*MATERIALS PROVIDED*.
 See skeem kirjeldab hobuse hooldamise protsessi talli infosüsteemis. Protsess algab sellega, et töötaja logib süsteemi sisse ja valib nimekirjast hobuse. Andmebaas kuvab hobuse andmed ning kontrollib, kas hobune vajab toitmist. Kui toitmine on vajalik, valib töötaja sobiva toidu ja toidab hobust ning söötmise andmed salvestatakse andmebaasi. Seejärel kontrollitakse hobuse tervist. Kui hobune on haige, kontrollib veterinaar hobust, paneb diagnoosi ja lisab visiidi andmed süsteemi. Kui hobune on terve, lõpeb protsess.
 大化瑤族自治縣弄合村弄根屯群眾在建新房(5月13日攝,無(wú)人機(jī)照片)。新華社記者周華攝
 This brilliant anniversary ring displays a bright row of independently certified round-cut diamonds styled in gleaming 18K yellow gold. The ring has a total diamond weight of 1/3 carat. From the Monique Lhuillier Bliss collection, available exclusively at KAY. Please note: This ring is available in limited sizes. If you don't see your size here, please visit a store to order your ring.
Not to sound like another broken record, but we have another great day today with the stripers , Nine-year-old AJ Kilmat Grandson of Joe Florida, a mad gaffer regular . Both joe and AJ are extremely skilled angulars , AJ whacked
* * *
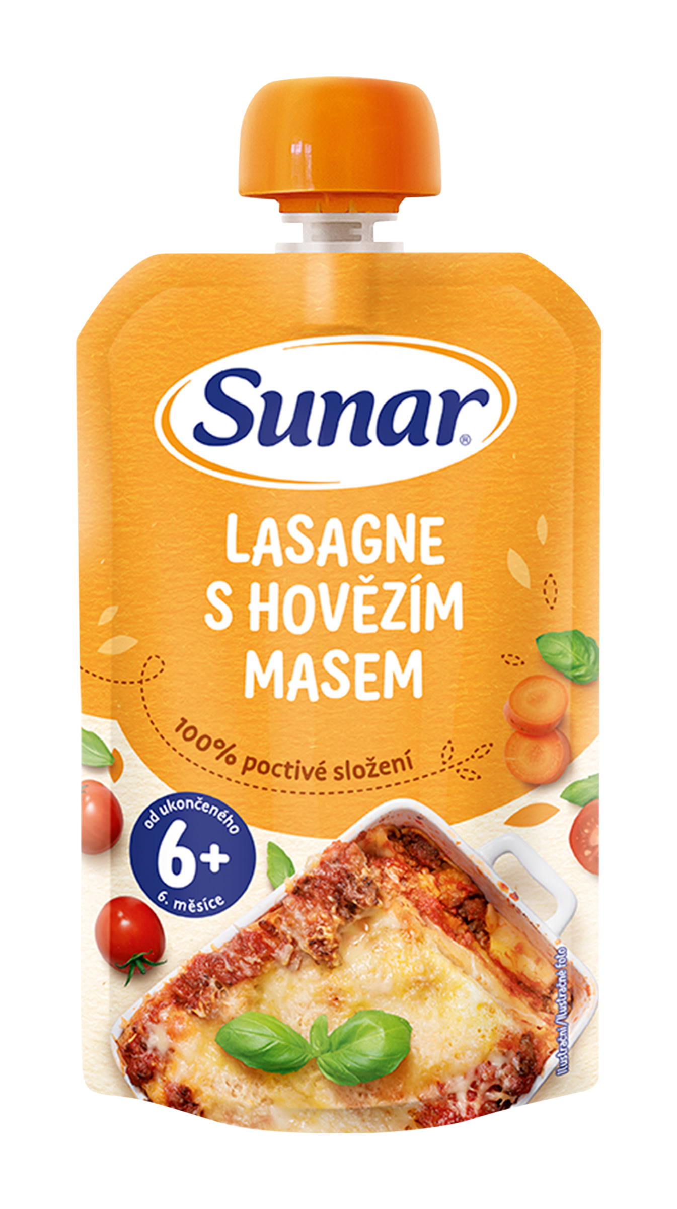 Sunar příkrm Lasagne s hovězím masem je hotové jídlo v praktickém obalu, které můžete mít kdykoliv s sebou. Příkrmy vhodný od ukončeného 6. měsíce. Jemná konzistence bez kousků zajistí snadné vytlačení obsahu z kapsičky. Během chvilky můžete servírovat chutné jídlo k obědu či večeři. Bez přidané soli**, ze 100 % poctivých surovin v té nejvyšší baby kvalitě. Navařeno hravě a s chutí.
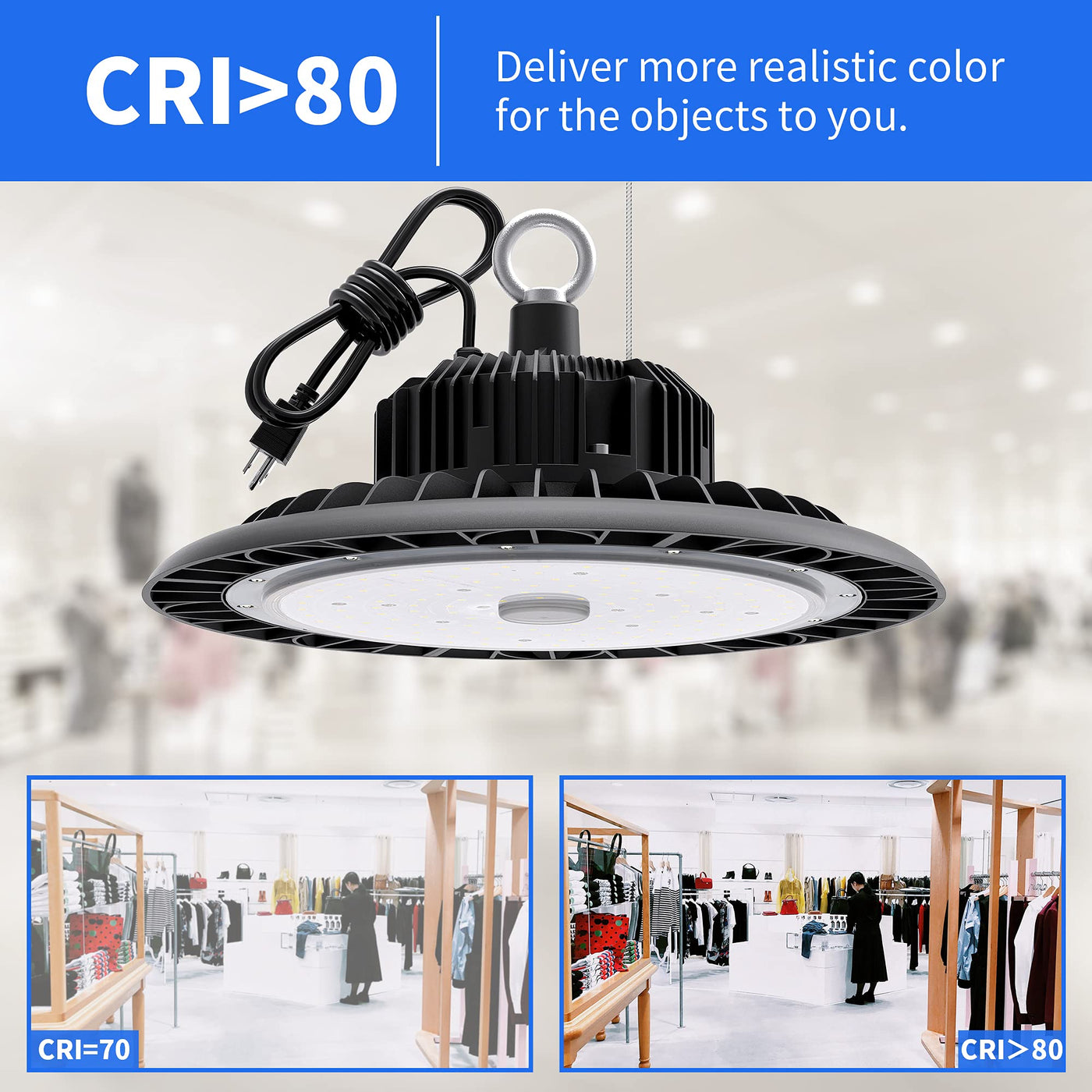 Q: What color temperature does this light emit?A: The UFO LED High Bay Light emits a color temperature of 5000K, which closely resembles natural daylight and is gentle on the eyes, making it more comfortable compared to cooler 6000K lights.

*DIRECTIONS*.
Taking the material above, give again exactly the lines from the one holding "Sunar příkrm Lasagne" through the one holding "Q: What color", with both ends and without pictures.

*FINISHED TASK*.
 Sunar příkrm Lasagne s hovězím masem je hotové jídlo v praktickém obalu, které můžete mít kdykoliv s sebou. Příkrmy vhodný od ukončeného 6. měsíce. Jemná konzistence bez kousků zajistí snadné vytlačení obsahu z kapsičky. Během chvilky můžete servírovat chutné jídlo k obědu či večeři. Bez přidané soli**, ze 100 % poctivých surovin v té nejvyšší baby kvalitě. Navařeno hravě a s chutí.
 Q: What color temperature does this light emit?A: The UFO LED High Bay Light emits a color temperature of 5000K, which closely resembles natural daylight and is gentle on the eyes, making it more comfortable compared to cooler 6000K lights.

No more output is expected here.